2026-05-01
You already know a system call requires a privilege transition: userspace saves registers, executes syscall/svc, the CPU switches to ring 0, the kernel does work, then returns. That transition costs roughly 100-150 nanoseconds on modern x86-64. For calls made millions of times per second—like gettimeofday() or clock_gettime()—this overhead is devastating. The vDSO (virtual Dynamic Shared Object) eliminates it entirely.

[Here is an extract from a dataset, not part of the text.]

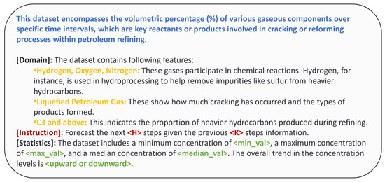 - Dataset Context: Provides background information about the input time series, incorporating semantic features along with domain-specific knowledge such as chemical- or industry-specific insights.

The vDSO is a small ELF shared library that the kernel maps into every process's address space automatically. You never link against it; the kernel injects it at process creation. The dynamic linker discovers it and routes certain libc calls through it. The key insight: the kernel maps a read-only page of kernel-maintained data (clock values, CPU frequency, etc.) into userspace. The vDSO code reads this shared page directly—no privilege transition needed.
You can see it yourself:
cat /proc/self/maps | grep vdso — shows the mapped region (typically one 4KB page)getconf GNU_LIBC_VERSION then ldd --version — your glibc routes through vDSO automaticallyauxval AT_SYSINFO_EHDR — the ELF header address passed via the auxiliary vector at exec timeOn x86-64 Linux, the vDSO typically accelerates four calls: clock_gettime(), gettimeofday(), time(), and getcpu(). On ARM64, clock_getres() is also included. These all share one trait: they read kernel state but never modify it, making the shared-page approach safe without synchronization.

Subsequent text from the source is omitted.